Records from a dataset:
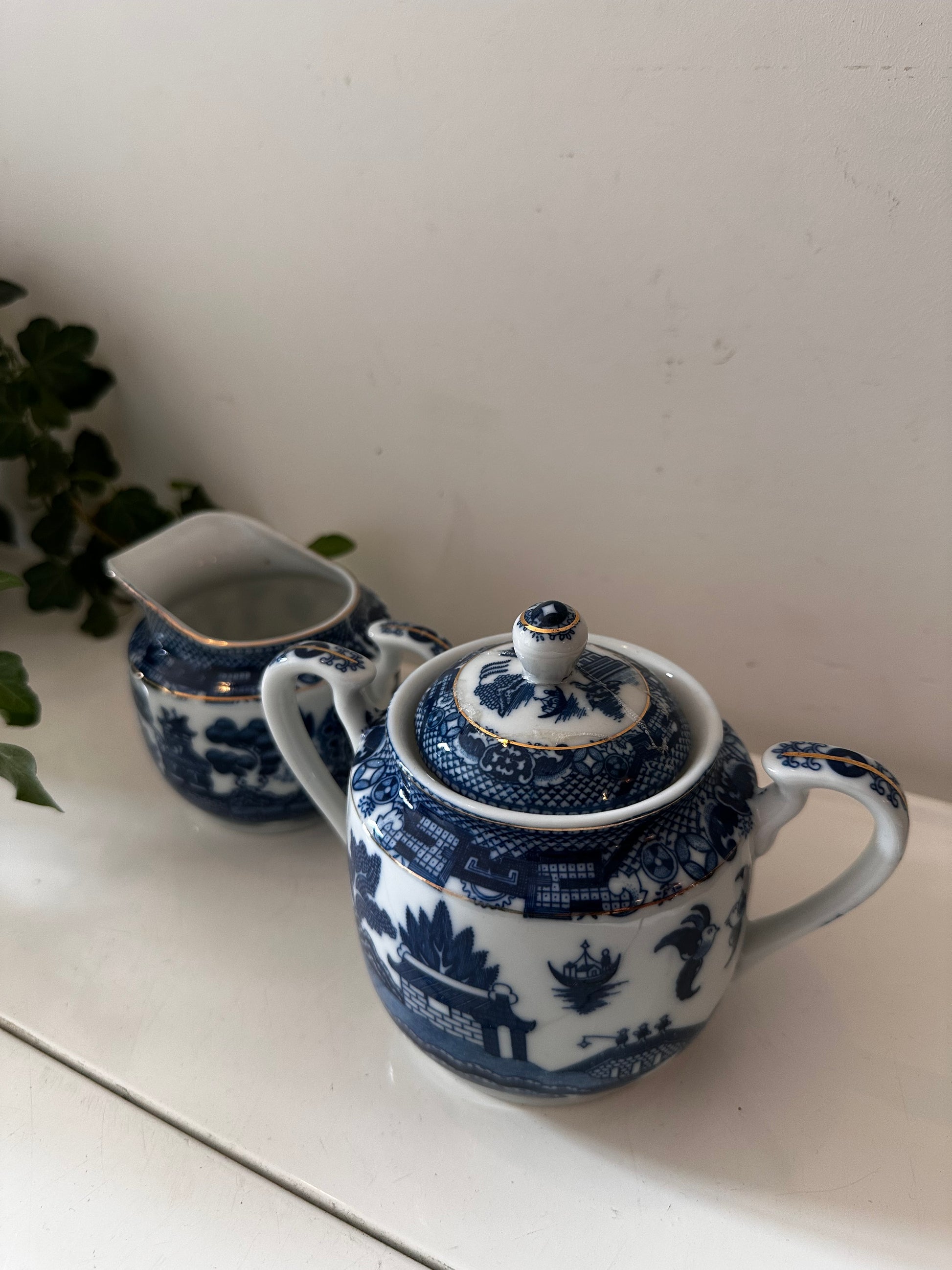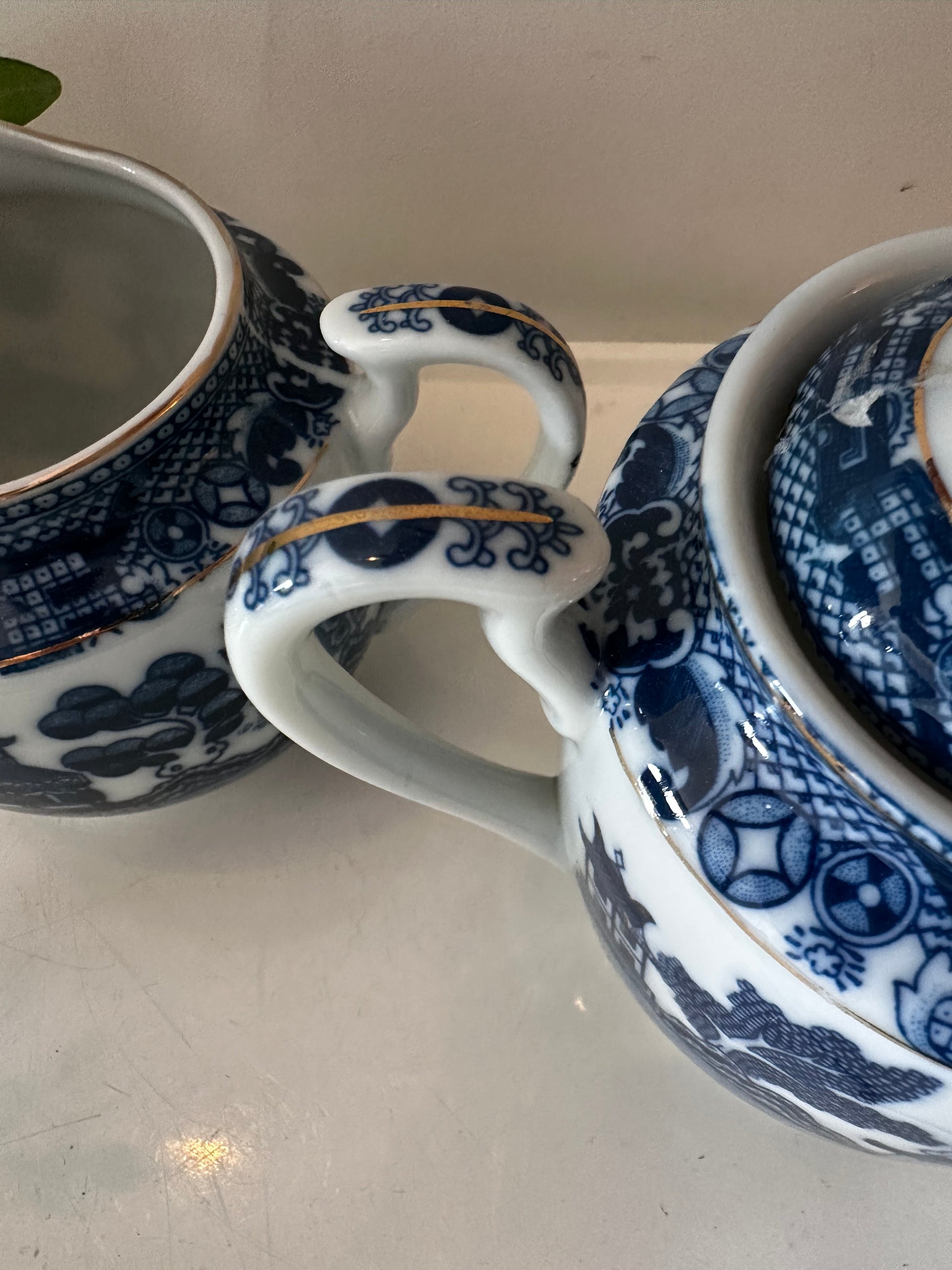 Prachtig porseleinen setje met het iconische Blue Willow patroon: een klassiek blauw-wit landschap met tempels, bruggetjes en bomen. Dit decor is geïnspireerd op Chinees porselein en werd vooral populair in Engeland vanaf de 18e eeuw. Q13
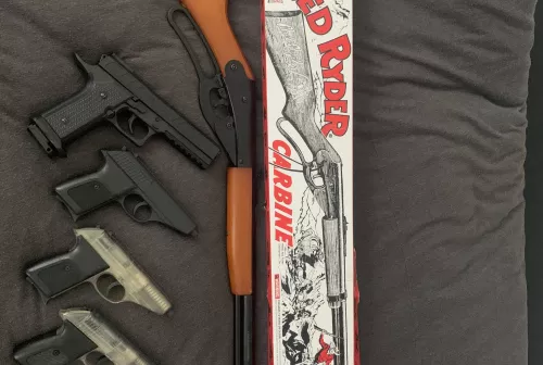 200.00 Red Ryder and spring powered bb pistol collection Oct 26, 2025 - 1:38 PM yishai Daisy red Ryder 650/ Umarex DSX45/ PPK x2 plastic/ PPK black/ 3 spare ppk mags
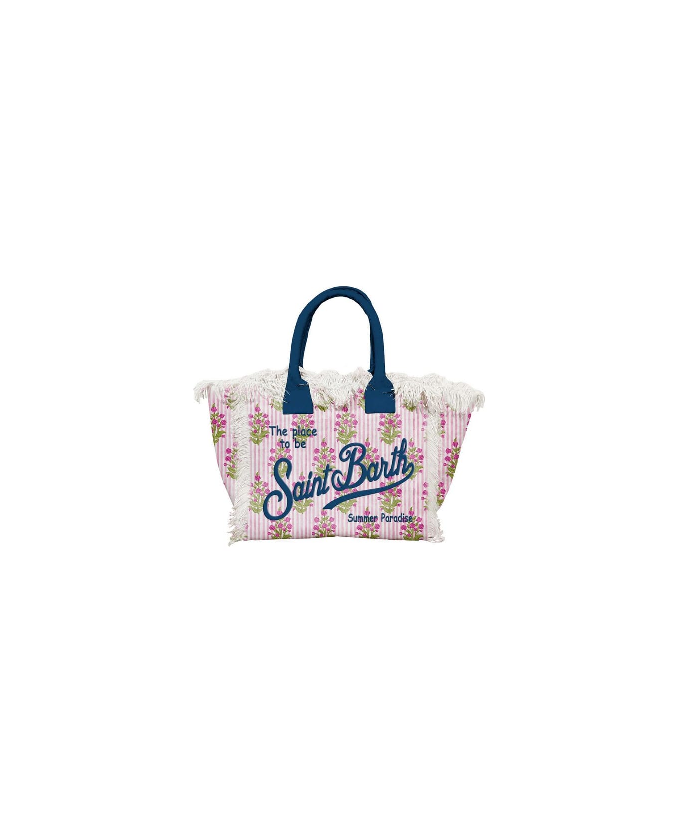 Goa floral stripes Shoulder canvas bag from MC2 St. Barth, cotton canvas material, exclusive Saint Barth printed logo, zip closure, cotton canvas fringes, internal zip pocket. Dimension:40x32x20
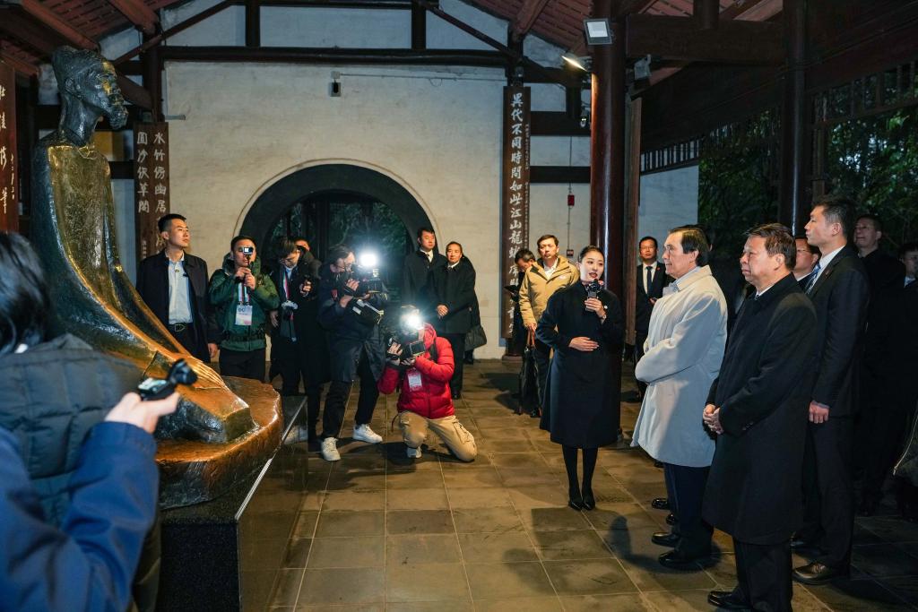 座談會前,中共中央臺辦、國務院臺辦主任宋濤(前右一),中國國民黨前主席馬英九(前右二)等參觀杜甫草堂博物館。新華社記者 陳曄華 攝
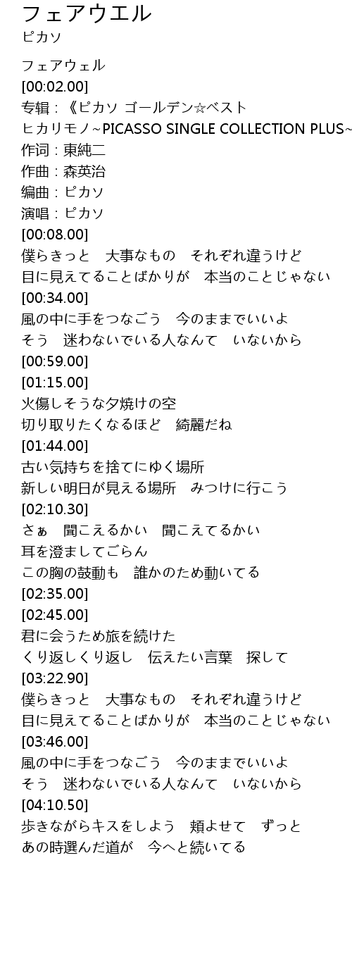 | [00:03.00] | 专辑:《ピカソ ゴールデン☆ベスト ヒカリモノ~PICASSO SINGLE COLLECTION PLUS~》 |
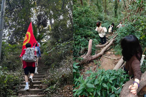 活动过程中,各队伍先后去到了爱晚亭、长沙会战第九战区长官司令部指挥所旧址、长沙会战纪念碑三个地方进行打卡学习。徒步过程中,同学们互帮互助穿过树高林密的山间小道,一前一后登上狭窄陡峭的连绵阶梯,共同前行,实地感受红军长征的艰辛与豪迈,重温红军长征时期的革命历史和峥嵘岁月。
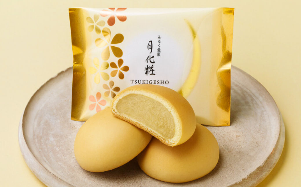 大阪土産としてもおなじみの月化粧は、自家製餡した白餡の中にミルクの風味豊かな練乳とバターをたっぷり入れたみるく餡を包んで焼き上げたやさしい味わいのみるく饅頭。
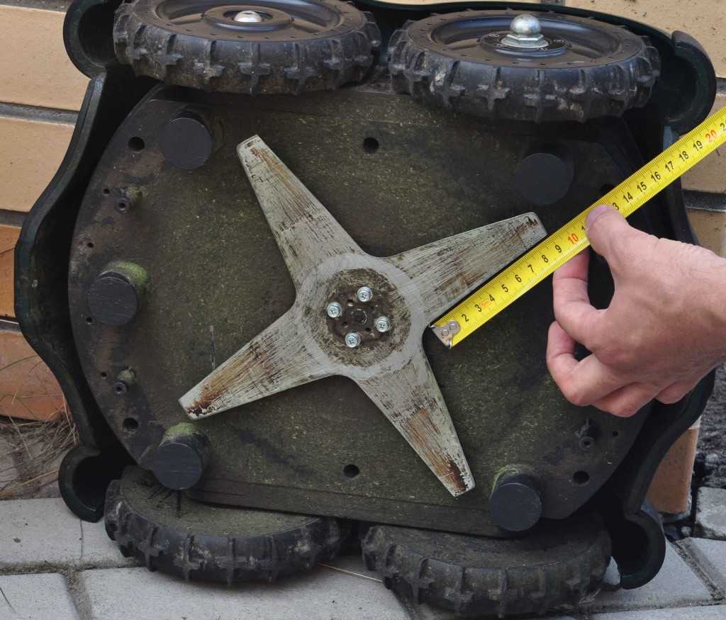 Если говорить о конструкции, то по сравнению со шведским роботом L50 впечатляет больше. Здесь уже не поворотные лезвия, а полноценный цельнометаллический нож диаметром 250 мм с четырьмя вылетами и длиной режущей кромки аж 80 мм. Это уже не идет ни в какое сравнение со скромными геометрическими параметрами у Husqvarna
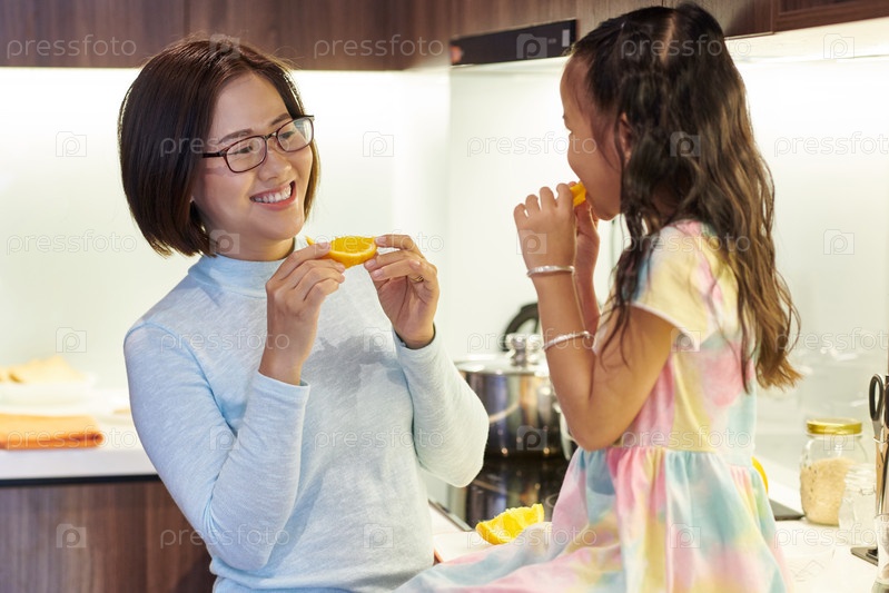Мама и дочь едят апельсины

§ **Task prompt**:
Copy only what lies between the line with "活动过程中,各队伍先后去到了" and the line with "大阪土産としてもおなじみの月", those two lines included, exactly as given above; pictures stay out.

§ **Answer to this task**:
 活动过程中,各队伍先后去到了爱晚亭、长沙会战第九战区长官司令部指挥所旧址、长沙会战纪念碑三个地方进行打卡学习。徒步过程中,同学们互帮互助穿过树高林密的山间小道,一前一后登上狭窄陡峭的连绵阶梯,共同前行,实地感受红军长征的艰辛与豪迈,重温红军长征时期的革命历史和峥嵘岁月。
 大阪土産としてもおなじみの月化粧は、自家製餡した白餡の中にミルクの風味豊かな練乳とバターをたっぷり入れたみるく餡を包んで焼き上げたやさしい味わいのみるく饅頭。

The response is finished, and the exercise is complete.